Le renseignement, ce parent pauvre des analyses
Une armée aveugle est une armée morte. L'investissement dans les satellites d'observation et les centres d'écoute est le véritable marqueur de la hiérarchie militaire africaine actuelle. L'Égypte et le Maroc ont pris une avance considérable dans l'espace. Car sans imagerie satellite en temps réel, commander une opération complexe revient à jouer aux fléchettes dans le noir. C'est ici que se creuse l'écart entre les puissances de premier rang et les autres, condamnées à quémander des images aux grandes puissances. Bref, la puissance ne se mesure plus en kilos de TNT, mais en gigaoctets de données interceptées.
Foire aux questions sur les forces de défense africaines
Quel pays africain possède actuellement le plus grand nombre de chars de combat ?
L'Égypte domine outrageusement ce segment avec une flotte estimée à plus de 4 340 chars de combat principaux. Son arsenal comprend notamment plus de 1 100 unités du M1A1 Abrams assemblés localement sous licence américaine, ce qui lui confère une puissance de feu terrestre sans équivalent sur le continent. L'Algérie arrive en deuxième position avec environ 2 200 blindés, s'appuyant majoritairement sur des technologies russes de type T-90S. Ce gigantisme répond à une doctrine de défense territoriale massive héritée des conflits du siècle dernier.
L'Afrique du Sud est-elle toujours une puissance militaire de premier plan ?
Sur le papier, la nation arc-en-ciel conserve une avance technologique grâce à son industrie de défense locale, capable de produire des blindés et des missiles de pointe. Mais la réalité budgétaire est cruelle : les coupes sombres dans le financement de la SANDF ont entraîné une érosion grave de ses capacités opérationnelles. Si ses forces spéciales restent d'élite, sa flotte aérienne peine à maintenir ses Gripen en état de vol régulier. On assiste donc au déclin lent d'un géant qui ne parvient plus à financer ses ambitions régionales.
Comment le Nigeria gère-t-il sa position de leader face à la menace terroriste ?
Le Nigeria possède le budget de défense le plus élevé d'Afrique de l'Ouest, dépassant souvent les 2,8 milliards de dollars annuels, mais il fait face à une corruption structurelle qui parasite ses performances. Malgré l'achat récent d'avions d'attaque Super Tucano, l'armée de terre reste enlisée dans une guerre d'usure contre des groupes insurgés dans le Nord-Est. Sa force réside dans son expérience au combat réel et sa résilience, bien que la coordination entre les services reste un défi majeur. La puissance nigériane est donc une force de réaction, épuisée par des décennies de conflits internes incessants.

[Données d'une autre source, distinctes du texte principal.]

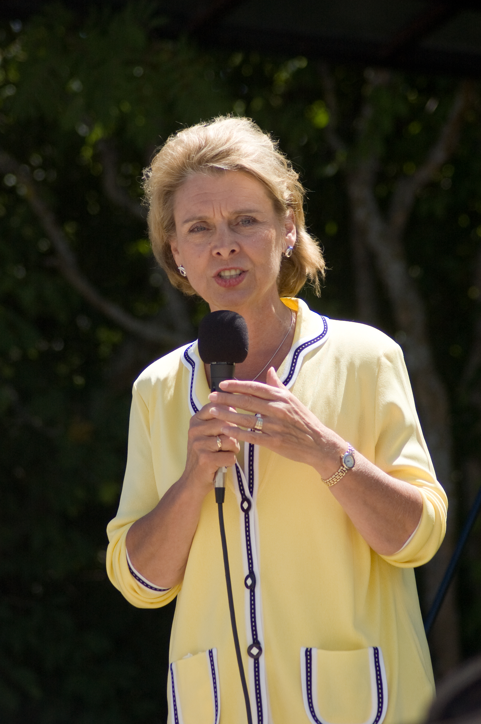 Christine Gregoire speaks at a campaign rally in Langley, WA, during the state's 2008 election.

Le verdict : une souveraineté encore sous perfusion étrangère
Prétendre désigner un vainqueur unique dans cette course à la puissance est une erreur d'analyse profonde. L'Égypte est un colosse géographique, l'Algérie une forteresse blindée, et le Maroc un stratège moderne. Et pourtant, aucune de ces nations ne peut mener un conflit de haute intensité sans l'aval technique ou logistique de ses tuteurs extérieurs. On se gargarise de classements alors que l'indépendance industrielle militaire africaine est encore un mythe pour la quasi-totalité des capitales. Ma conviction est que la puissance militaire africaine de demain appartiendra à celui qui osera délaisser le prestige des défilés pour investir massivement dans la cyberdéfense et la production locale de munitions. Tout le reste n'est que de la figuration coûteuse pour chefs d'État en mal de reconnaissance internationale.